=== Excerpted data ===

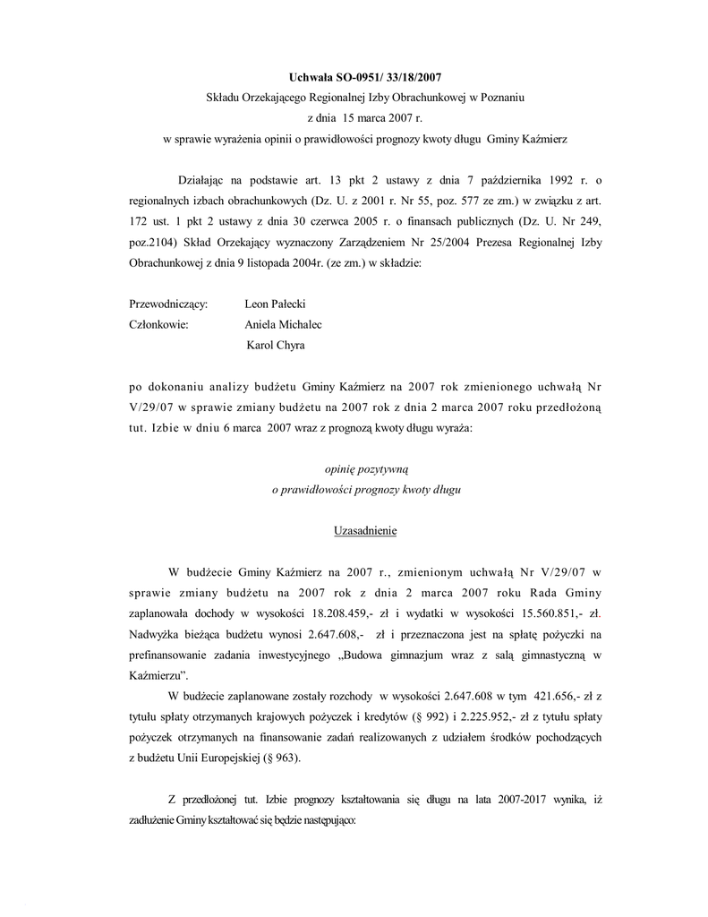 Uchwała SO-0951/ 33/18/2007 Składu Orzekającego Regionalnej Izby Obrachunkowej w Poznaniu z dnia 15 marca 2007 r. w sprawie wyrażenia opinii o prawidłowości prognozy kwoty długu Gminy Kaźmierz Działając na podstawie art. 13 pkt 2 ustawy z dnia 7 października 1992 r. o regionalnych izbach obrachunkowych (Dz. U. z 2001 r. Nr 55, poz. 577 ze zm.) w związku z art. 172 ust. 1 pkt 2 ustawy z dnia 30 czerwca 2005 r. o finansach publicznych (Dz. U. Nr 249, poz.2104) Skład Orzekający wyznaczony Zarządzeniem Nr 25/2004 Prezesa Regionalnej Izby Obrachunkowej z dnia 9 listopada 2004r. (ze zm.) w składzie: Przewodniczący: Leon Pałecki Członkowie: Aniela Michalec Karol Chyra po dokonaniu analizy budżetu Gminy Kaźmierz na 2007 rok zmienionego uchwałą Nr V/29/07 w sprawie zmiany budżetu na 2007 rok z dnia 2 marca 2007 roku przedłożoną tut. Izbie w dniu 6 marca 2007 wraz z prognozą kwoty długu wyraża: opinię pozytywną o prawidłowości prognozy kwoty długu Uzasadnienie W budżecie Gminy Kaźmierz na 2007 r., zmienionym uchwałą Nr V/29/07 w sprawie zmiany budżetu na 2007 rok z dnia 2 marca 2007 roku Rada Gminy zaplanowała dochody w wysokości 18.208.459,- zł i wydatki w wysokości 15.560.851,- zł. Nadwyżka bieżąca budżetu wynosi 2.647.608,- zł i przeznaczona jest na spłatę pożyczki na prefinansowanie zadania inwestycyjnego „Budowa gimnazjum wraz z salą gimnastyczną w Kaźmierzu”. W budżecie zaplanowane zostały rozchody w wysokości 2.647.608 w tym 421.656,- zł z tytułu spłaty otrzymanych krajowych pożyczek i kredytów (§ 992) i 2.225.952,- zł z tytułu spłaty pożyczek otrzymanych na finansowanie zadań realizowanych z udziałem środków pochodzących z budżetu Unii Europejskiej (§ 963). Z przedłożonej tut. Izbie prognozy kształtowania się długu na lata 2007-2017 wynika, iż zadłużenie Gminy kształtować się będzie następująco: Rok Zadłużenie na koniec roku Planowane spłaty Planowane % zadłużenia dochody na koniec % spłaty roku 2007 3.033.677,13 612.655,68 18.208.459 16,66 3,36 2008 2.687.179,73 499.356,97 15.000.000 17,91 3,33 2009 2.384.615,69 441.067,85 14.300.000 16,68 3,08 2010 2.082.051,65 424.963,09 14.300.000 14,56 2,97 2011 1.779.487,61 408.858,30 14.300.000 12,44 2,86 2012 1.476.923,57 392.753,57 14.300.000 10,33 2,75 2013 1.200.000,56 350.778,78 14.300.000 8,39 2,45 2014 1.000.000,64 261.460,93 14.300.000 6,99 1,83 2015 800.000,72 251.561,17 14.300.000 5,59 1,76 2016 600.000,80 251.561,17 14.300.000 4,20 1,76 2017 400.000,88 251.561,17 14.300.000 2,80 1,76 Z powyższego zestawienia wynika, że w latach 2007-2017 planowane zadłużenie na koniec każdego roku nie przekroczy 60% dochodów jednostki w tym roku budżetowym, a zatem spełniony został wymóg art. 170 ust. 1 ustawy o finansach publicznych. Łączna kwota przypadających do spłaty w danym roku budżetowym rat kredytów i pożyczek wraz z należnymi odsetkami, nie przekroczy 15% planowanych dochodów budżetu Gminy, a więc warunek określony w art. 169 ust. 1 ustawy o finansach publicznych zostanie spełniony. Biorąc powyższe pod uwagę Skład Orzekający wyraził opinię jak w sentencji. Przewodniczący Składu Orzekającego Leon Pałecki Pouczenie: Od niniejszej uchwały Składu Orzekającego służy odwołanie do Kolegium Izby w terminie 14 dni od daty jej doręczenia.
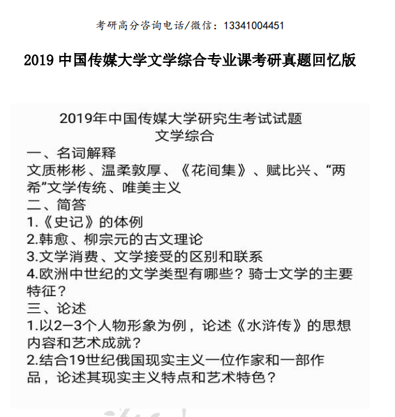 2019年中国传媒大学文学综合考研专业课真题回忆版
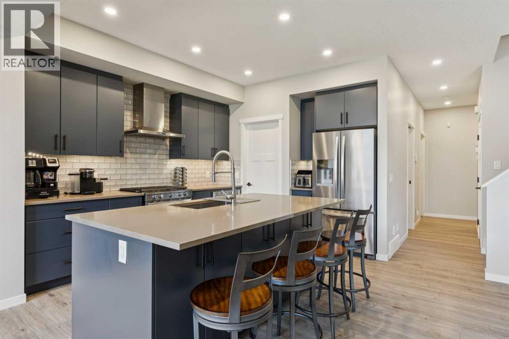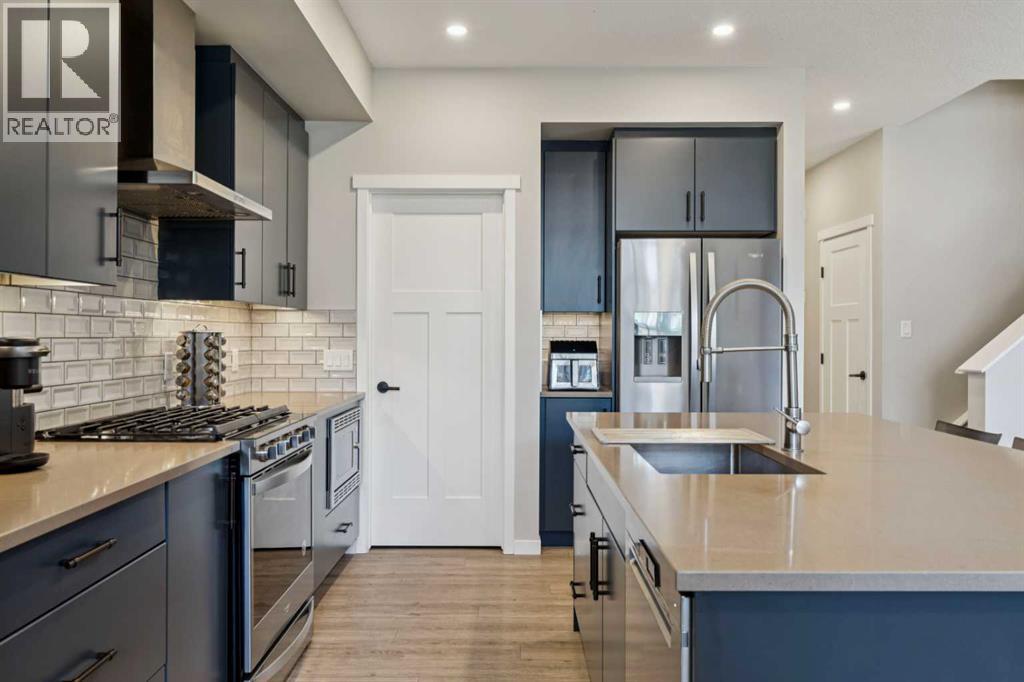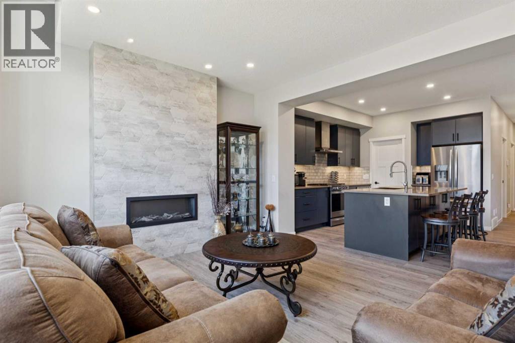Lake living in Mahogany ~ Welcome to this beautifully maintained FORMER SHOW HOME offering over 2,160 sq ft above grade, thoughtful upgrades throughout, and an exceptional location just a short walk to Mahogany’s main beach, parks, pathways, and amenities. Designed with both comfort and functionality in mind, this move-in ready home delivers the ideal blend of style, space, and everyday convenience.Open-concept main floor with designer finishes features a spacious living area anchored by a cozy gas fireplace, oversized windows, and seamless flow into the dining space and central kitchen. The kitchen is well-appointed with quartz countertops, stainless steel appliances, gas range, pantry, upgraded cabinetry, and plenty of prep and storage space. A fully upgraded mudroom, powder room, and front attached double garage complete the main level.Upper bonus room + 3 bedroom layout offers ideal separation for families, with a generous second-floor bonus room perfect for movie nights, play space, or even to be converted into an additional bedroom. At the top of the stairs is a perfect spot for a desk area, useful for an office, or craft space; whatever you like! The spacious primary retreat includes a walk-in closet and spa-inspired 5-piece ensuite, while both secondary bedrooms are well-sized and feature walk-in closets. Convenient upper-floor laundry adds everyday practicality. Premium comfort upgrades include central A/C, dual-zone climate control, water softener, built-in humidifier, motorized blinds, smart security system with cameras, leak detection system, and LAN wiring throughout the home for fast, reliable connectivity.Fully finished backyard with privacy and function is ready for summer enjoyment with a deck featuring gas hookup, fencing, shed, rear lane access, and added privacy. Morning sunlight at the front with a warm west-facing afternoon backyard creates a bright and inviting outdoor experience throughout the day.Walking distance to beach, schools, parks, and everyday amenities makes this an outstanding opportunity to own a turnkey home in one of Calgary’s most sought-after lake communities. (id:53676)
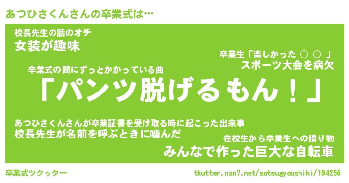| 伝説のあだ名 | 『不死鳥のスナイパーあつひさくん』 |
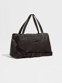 Soft, spacious and sleek: our dark brown SECONDSKIN holdall is your new go-to weekend bag. INFO Styled with a roomy silhouette perfect for travel, this dark brown weekender is beautifully crafted from incredibly soft and supple SECONDSKIN leather. Elevated with ultrablack polished hardware and a refined Zegna Logo. PRODUCT CODE LHOTO-C2262Z-AMO MATERIALS AND CARE Main body: Calf Leather Lining: 100% Cotton SECONDSKIN is crafted by tanneries selected for their renowned expertise. Fine, supple and incredibly soft to the touch, it moulds to your proportions over time — offering impeccable comfort with each wear. Protect from moisture and do not place near direct sources of heat. Clean with a soft cloth. Do not use solvents or polishes. Avoid contact with cosmetics, perfumes and hand lotions and sanitizers. Store in a cool, dry, well-ventilated place. Stow in the included dust bag when not in use. FIT AND PRODUCT DETAILS • Zip closure • Zegna Logo • Polished ultrablack finish • Grey melange cotton lining • 32 x 55 x 9 cm / 12.6 x 21.6 x 7.5 in • Made in Italy
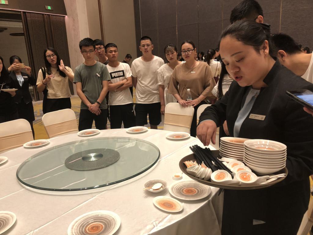 参观结束后,不同酒店进行了不同形式的现场教学。龙岩佰翔京华酒店人力资源经理张苗苗女士带领同事们向同学们展示了中餐摆台和铺床,同学们纷纷动手演练,学习热情高!龙岩财富酒店总经理陈春梅女士和总经理助理吴锦华先生、龙岩华美达龙州酒店总经理廖秀金女士和人力资源总监陈小蓉女士、龙岩万达嘉华酒店人力资源经理江丽萍女士在不同的时间,都与同学们进行了座谈交流,会上各酒店都介绍了自身的经营管理特色,人才培养及员工激励机制等,同时也寄语同学们,希望他们能利用课余时间深入了解酒店的基层运作,理论联系实际,为将来投身酒店管理工作打下坚实的基础。与会的同学代表也认真谈了自己的参观感受,并感谢酒店的热情接待。
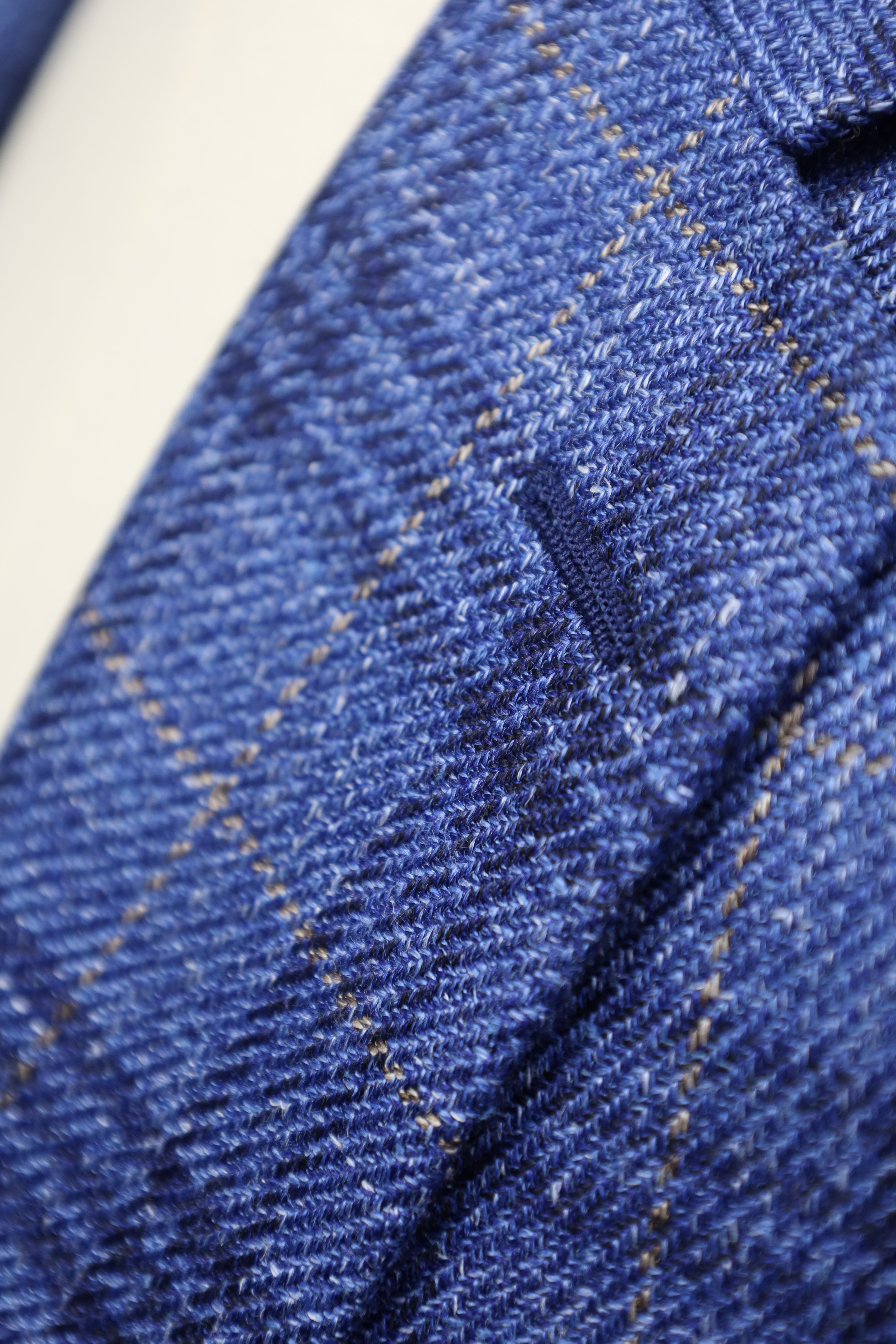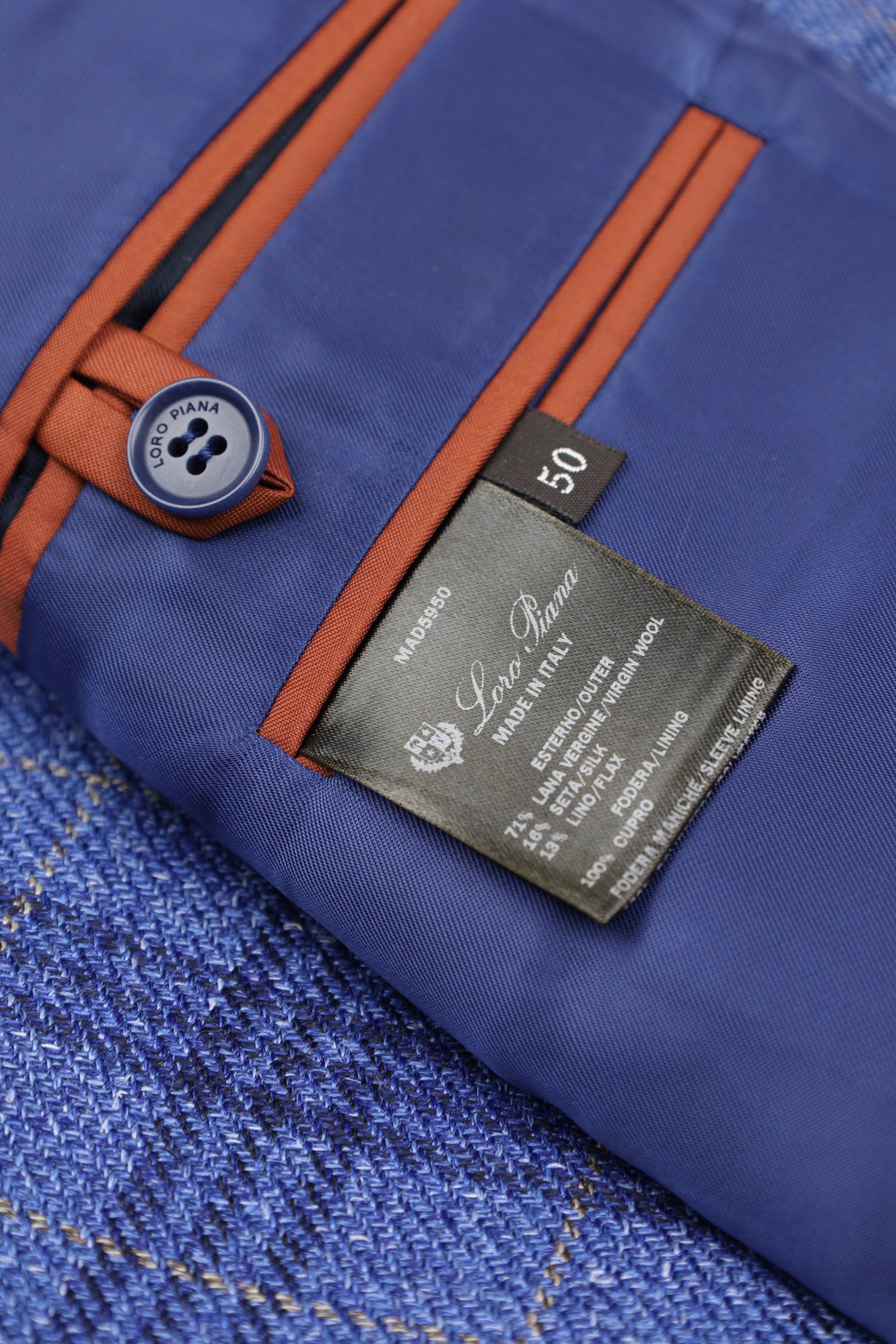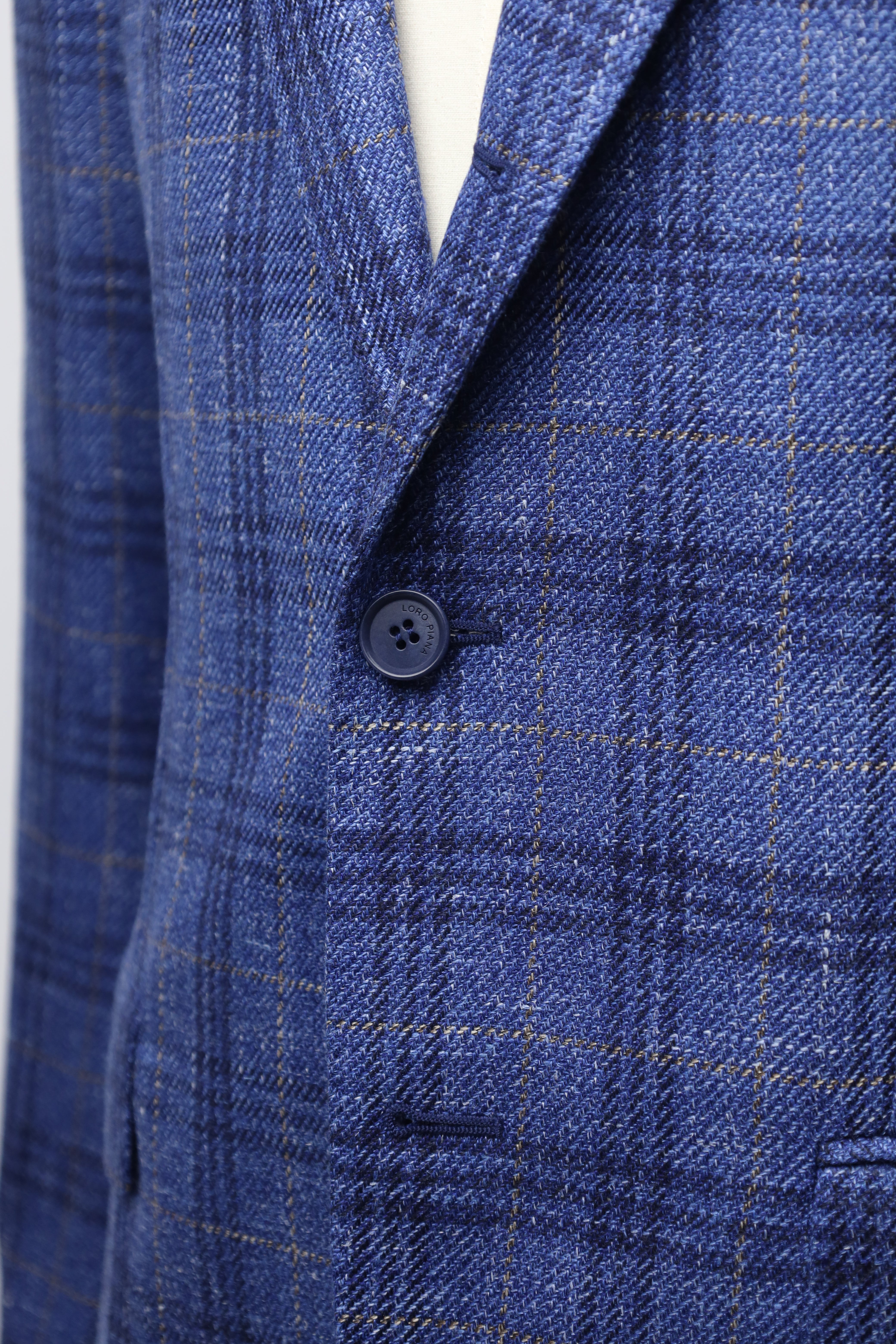 Loro Piana Denim Blue Wool, Silk & Linen Windowpane Jacket

===

> _What to work on_:
Set down exactly the lines between the line containing "参观结束后,不同酒店进行了不" and the end of the records above, both ends included; pictures stay out.

> _Response below_:
 参观结束后,不同酒店进行了不同形式的现场教学。龙岩佰翔京华酒店人力资源经理张苗苗女士带领同事们向同学们展示了中餐摆台和铺床,同学们纷纷动手演练,学习热情高!龙岩财富酒店总经理陈春梅女士和总经理助理吴锦华先生、龙岩华美达龙州酒店总经理廖秀金女士和人力资源总监陈小蓉女士、龙岩万达嘉华酒店人力资源经理江丽萍女士在不同的时间,都与同学们进行了座谈交流,会上各酒店都介绍了自身的经营管理特色,人才培养及员工激励机制等,同时也寄语同学们,希望他们能利用课余时间深入了解酒店的基层运作,理论联系实际,为将来投身酒店管理工作打下坚实的基础。与会的同学代表也认真谈了自己的参观感受,并感谢酒店的热情接待。
 Loro Piana Denim Blue Wool, Silk & Linen Windowpane Jacket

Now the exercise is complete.